Decades later, Sharpton still insists: No justice, no peace
John Lewis, Julian Bond and so many other leaders of the civil rights movement are dead; at 78, Jesse Jackson clearly is not the lion he once was.
But the Rev. Al Sharpton — once dismissed by some as a fraud, a jester — is still standing. This week, he will lead a commemoration of the Rev. Martin Luther King’s 1963 March on Washington for Jobs and Freedom, focusing on police violence and its ever-expanding roll call of victims.
The man who helped popularize the 1980s cry, “No justice, no peace,” is putting himself at the center of a new wave of activism, in a new millennium.
“I want to be able to show that the movement is not dead,” Sharpton said.
For more than three decades, Sharpton, 65, has been a go-to advocate for Black American families seeking justice and peace in the wake of violence and countless incidents that highlight systemic racism. He has a penchant for seizing the national spotlight and focusing the public on police brutality and acts of hatred against Black people, particularly at moments of heightened tensions and grief.
Born in 1954 in Brooklyn, Sharpton quickly showed promise as a preacher. At age 4, he delivered his first sermon; he was an ordained minister by age 10.
When he was just 13, Jesse Jackson appointed Sharpton youth director of New York’s Operation Breadbasket, an anti-poverty project of King’s Southern Christian Leadership Conference.
The Al Sharpton who grabbed the spotlight in the 1980s was a rotund young man in a track suit, his neck garlanded by a chain and medallion and his hair in a pompadour — a remnant of his days as James Brown’s tour manager.
Sharpton constantly courted controversy for using inflammatory language against his opponents. He reserved his most fiery rhetoric for elected officials and attorneys representing police officers and alleged assailants in case after case of racial violence.
There was the case of Tawana Brawley, 15-year-old Black girl who in 1987 accused six white men, including police officers, of assault and rape in upstate New York. A grand jury later found evidence that Brawley had fabricated the story, after which Sharpton and two attorneys who joined in the case were ordered to pay damages to the prosecutor who sued over defamatory statements.
And in 1989, Sharpton’s attention was drawn to the death of Yusuf Hawkins, a Black teenager fatally shot after being confronted by a mob of white youths in Bensonhurst, a historically Italian-American neighborhood of Brooklyn.
As explored in the recent HBO documentary, “Storm Over Brooklyn,” Sharpton’s work on the Hawkins case was widely seen as the main cause of flared tensions between Black and white communities in New York City.
Asked if he had any regrets about that period of his life, Sharpton said he “would have looked into situations more deeply before getting involved. … Sometimes your vanity outruns your sanity, and you do things for posture.”
Sharpton came to be known as a political strategist skilled at staging direct-action protests.

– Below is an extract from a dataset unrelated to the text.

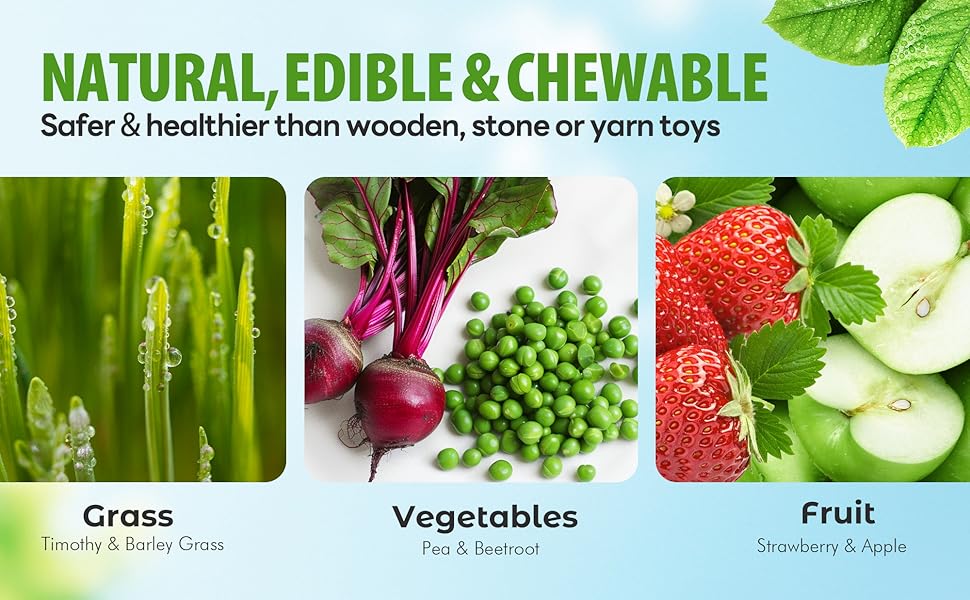 - [ Teeth Grinding ] : The natural odor of timothy grass chew toys entices furry pets to chew and distracts small pets from cages, beds and other furniture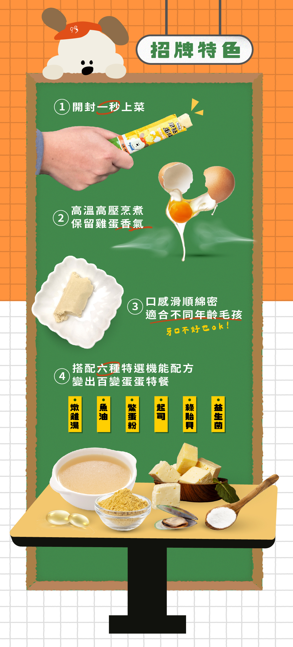 【成分】:熬煮雞湯、雞蛋、雞濃白湯、雞油、蛋黃粉、乳清粉、增稠劑、魚水解蛋白、魚油、碘鹽、乳化劑

Sharpton is the reason why Amadou Diallo, Abner Louima and Sean Bell, Black men killed or brutalized by police in New York City, became household names long before the advent of social media and hashtags.
Today, the track suits and chains are long gone, replaced by tailored suits over a frame that is less than half the size of what it once was. But the fire is still there.
At the first of the memorial services for Floyd, who died May 25 after a white police officer kneeled on the man’s neck for nearly eight minutes, Sharpton both announced and found the theme to Friday’s march commemoration.
“George Floyd’s story has been the story of Black folks,” he said. “Because ever since 401 years ago, the reason we could never be who we wanted and dreamed to be is you kept your knee on our neck.”
“It’s time for us to stand up in George’s name and say, ‘Get your knee off our necks!’”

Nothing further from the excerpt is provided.